Regarding the projected deficit for public administrations, the AIReF has also chosen to maintain its calculations from last November. Specifically, they anticipate the total deficit to reach 2.7%, taking into account the impact of the DANA (without this impact, it would be 2.4%). The Fiscal Authority estimates that the measures to mitigate the effects of the floods in 2024 amounted to four tenths of GDP, in addition to another three tenths this year. A total of seven tenths are considered when making these projections, as well as the changes made by the Government in tax and public spending policies and the gradual withdrawal of measures to mitigate the inflation crisis.
By subsectors, the AIReF's macroeconomic outlook shows a deficit of 2.2% in the Central Administration, representing an increase of two tenths compared to the previous forecast. For Social Security, the deficit increases by one tenth, reaching 0.3% of GDP. In the Autonomous Communities, the deficit will rise to 0.5%, one tenth less than previously estimated. And in the case of Local Corporations, they will end 2025 with a surplus of 0.3%, improving by three tenths compared to the previous report.
The updated forecasts also include a path for public debt. The AIReF anticipates a decrease in the debt-to-GDP ratio by one point this year, to 100.8%. Thus, the pace of debt reduction will slow significantly, from 3.3 points to just one point.
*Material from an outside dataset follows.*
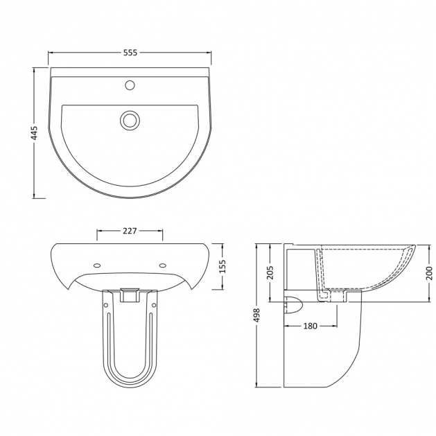 550mm Basin 1TH & Semi Pedestal-VSEMI3 White

Given this macroeconomic scenario, the Fiscal Authority recommends to the Ministry of Finance to "monitor budget execution and establish the necessary coordination mechanisms to ensure compliance with the national and European spending rule," as the forecast is for net primary spending (the new key variable following the entry into force of the European fiscal framework) to grow by 4.6% in 2025, nine tenths above the spending commitment of the Medium-Term Structural Fiscal Plan (PFEMP) and at the limit of the annual deviation allowed by European authorities. All this, considering that the European Commission has allowed Member States to request activation of the national escape clause, in order to exclude the increase in defense spending of up to 1.5% of GDP from the 2023 level.